El mensaje que enviamos con tan repudiable decisión es funesto. De arranque, hicimos un ridículo, al desdecirnos de lo que habíamos propuesto: un retruécano sin precedentes en el accionar de la Cancillería, que deja muy mal parado a su jerarca, Arnoldo André, quien presumiblemente aspira a la secretaría general de la Organización de Estados Americanos (OEA). Por ello, el abrupto cambio levanta serias dudas sobre la conducción de nuestro mermado aparato diplomático y sugiere que la posición varió por presiones o negociaciones oportunistas a las que decidimos plegarnos.
Aún peor que lo anterior es haber renegado de principios fundamentales de nuestra política exterior, y que, al hacerlo, desdeñáramos cuán importante es la vigencia del derecho internacional como fuente para guiar las relaciones entre países. Su vigencia tiene particular relevancia para proteger la integridad de aquellos que, como el nuestro, somos pequeños y desarmados. Es decir, no solo estamos hablando de ideales y valores esenciales enunciados en la Carta de las Naciones Unidas, sino también de intereses. No olvidemos, por ejemplo, que fue gracias a una decisión de la Corte Internacional de Justicia que se puso fin a la intervención del régimen de Daniel Ortega en una parte de nuestro territorio.

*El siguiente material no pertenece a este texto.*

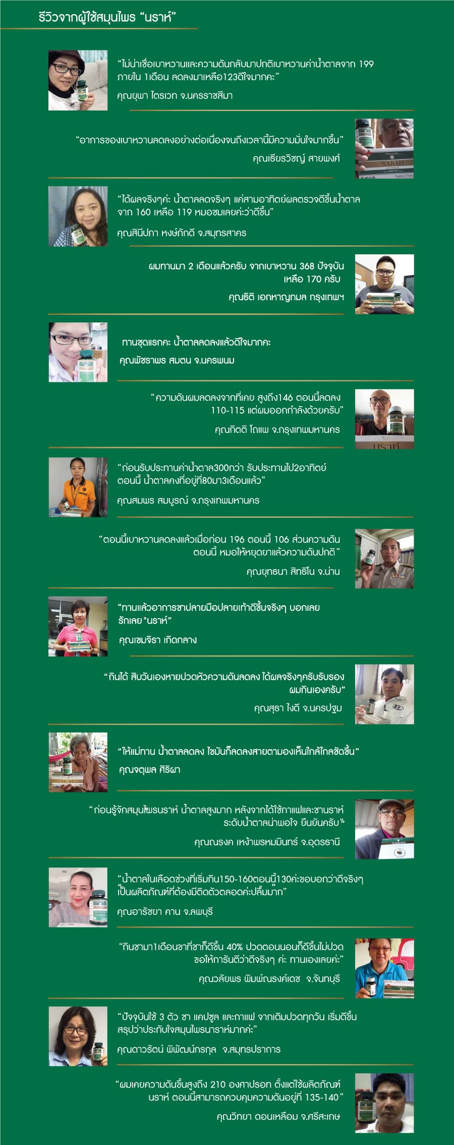 ความประทับใจผู้ใช้ผลิตภัณฑ์สมุนไพร "นราห์"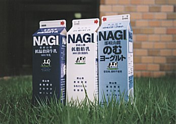 この牛乳は,産地限定の那岐山麓シリーズとして,低温殺菌牛乳(65℃,30分間殺菌),低脂肪牛乳,のむヨーグルトの3種類があり,いずれも1リットルのパックで販売されています(写真)。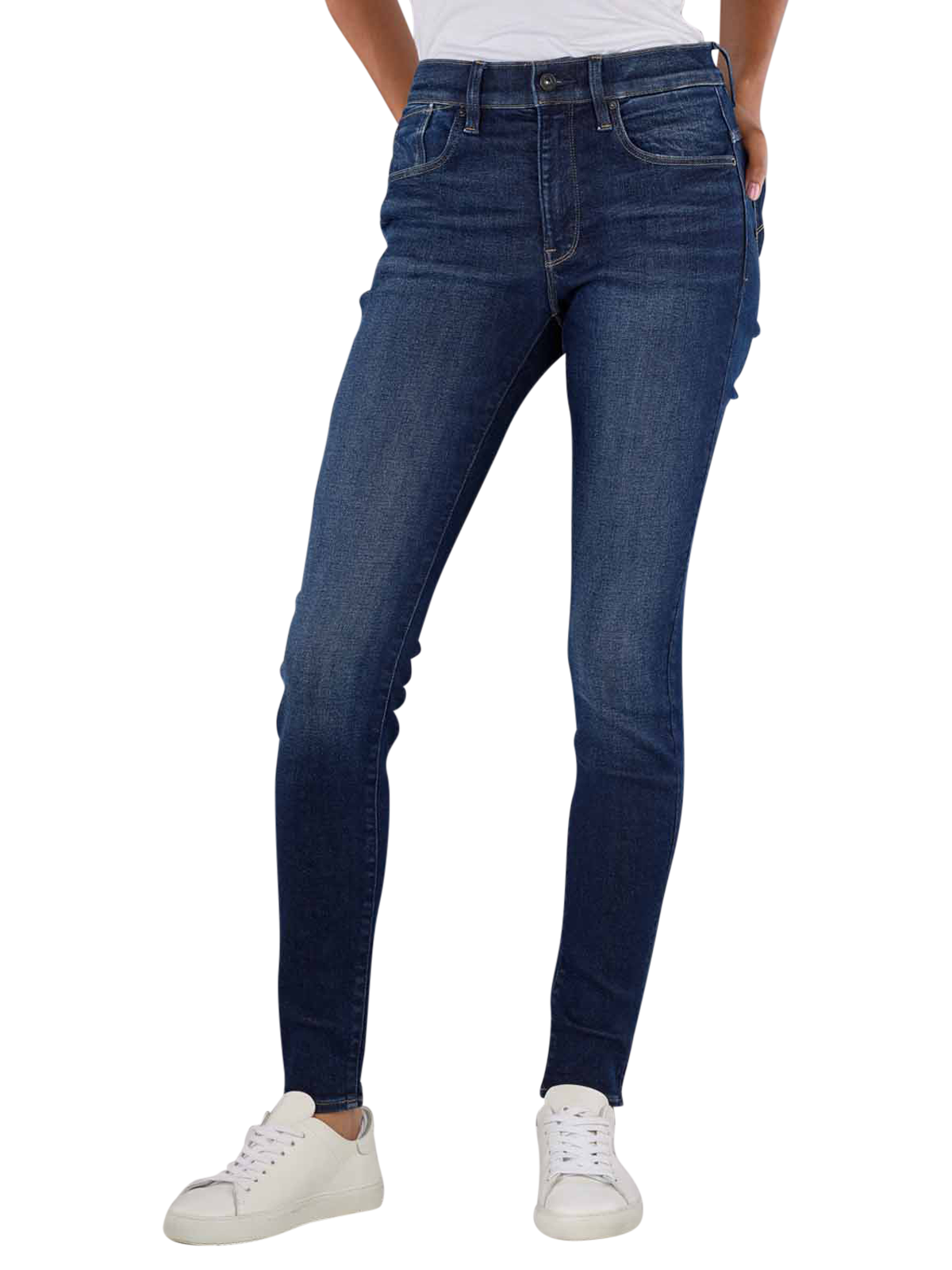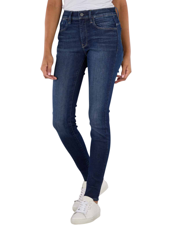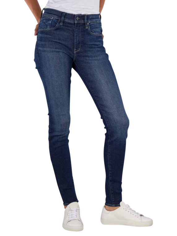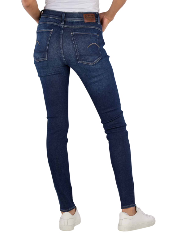 The G-Star Lhana jeans in dark blue have a skinny fit and a mid-rise waist. The five-pocket jeans have a narrow leg cut and are made from a fabric blend with stretch. With a zip fastening and dark wash, they impress with their comfort and style. Easy-care at 30°C on a normal wash cycle, the trousers are made from 74% cotton, 19% lyocell, 5% polyester and 2% elastane and are ideal for women.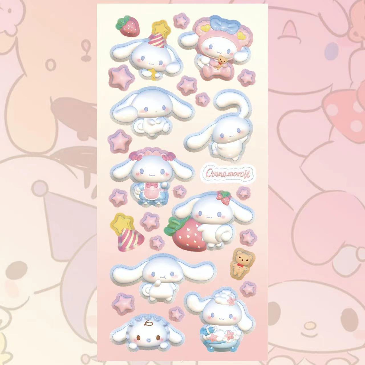 산리오 구카 레이저 스티커 3D 입체 한국산 미세 반짝이 귀여운 접착식 파차도그 데코레이션 핸드북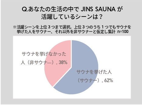 活躍シーンに「サウナ」を挙げた人をサウナーと仮定し、全ユーザーをサウナー、非サウナーで分類すると38%の人は非サウナーという結果に。「JINS SAUNA」は、非サウナーにも購入されていることが明らかになりました。それでは、非サウナーはなぜJINS SAUNAを使っているのでしょうか。非サウナーが挙げた「JINS SAUNA」の活躍シーンを見ていきましょう。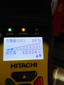 点検の際、バッテリーのテスター診断を行ったところ、充電量が16%という非常に低い数値でした。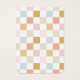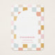 Ohrring-Display-Karte mit einem pastellfarbenen karierten Muster und einer gewölbten Form. Vorlagenlöcher können angepasst oder gelöscht werden, sowie alle Ihre Firmeninformationen. Fügen Sie Ihre Social Media oder Webseite ganz unten hinzu.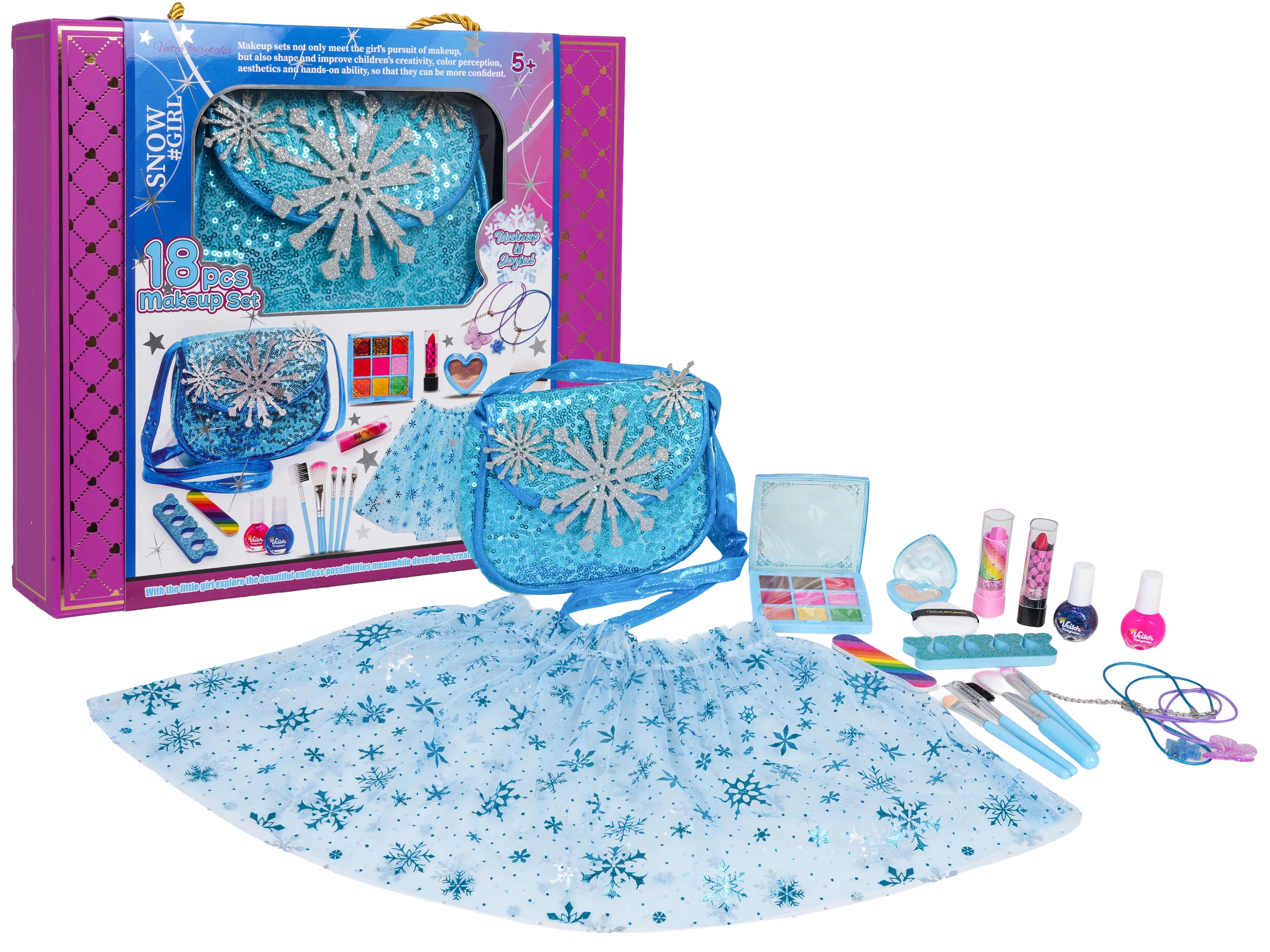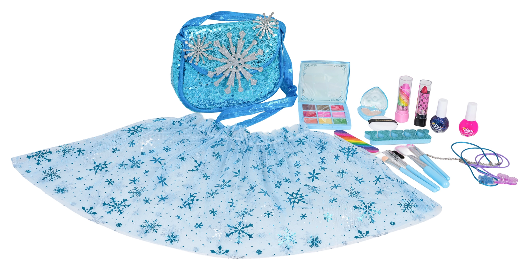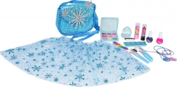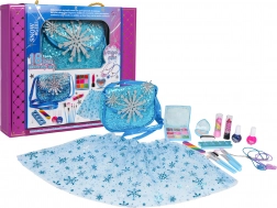 Acest set bogat pentru copii de la 5 ani stimulează imaginația, creativitatea și rolul îndrăgitei prințese a gheții. Totul este în nuanțe de albastru, cu fulgi de zăpadă și detalii sclipitoare. Datorită componentelor de make-up pentru copii, sigure și ușor de spălat, cei mici se pot juca în siguranță de-a machiajul și îngrijirea unghiilor.

Conscientes de lo anterior, y solidarios con un pueblo que ha sufrido inenarrables muertes y destrucción a manos del invasor ruso, es que, desde que se produjo su agresión, habíamos votado a favor de las resoluciones de condena en la Asamblea General de la ONU. También lo hicimos en marzo de 2014, a finales del gobierno de Laura Chinchilla, ante la anexión de la península de Crimea. Entonces copatrocinamos una exitosa resolución de condena al referéndum impuesto por Moscú para legitimar su acción. Nuestro argumento central, celebrado por la prensa internacional, fue obvio: “Si no nos manifestamos ahora ante las implicaciones de hechos tan graves, crearemos condiciones para más, y quizá peores, violaciones futuras”. Así ocurrió ocho años después y así podría ocurrir en el futuro si nos allanamos ante las agresiones con indignas abstenciones.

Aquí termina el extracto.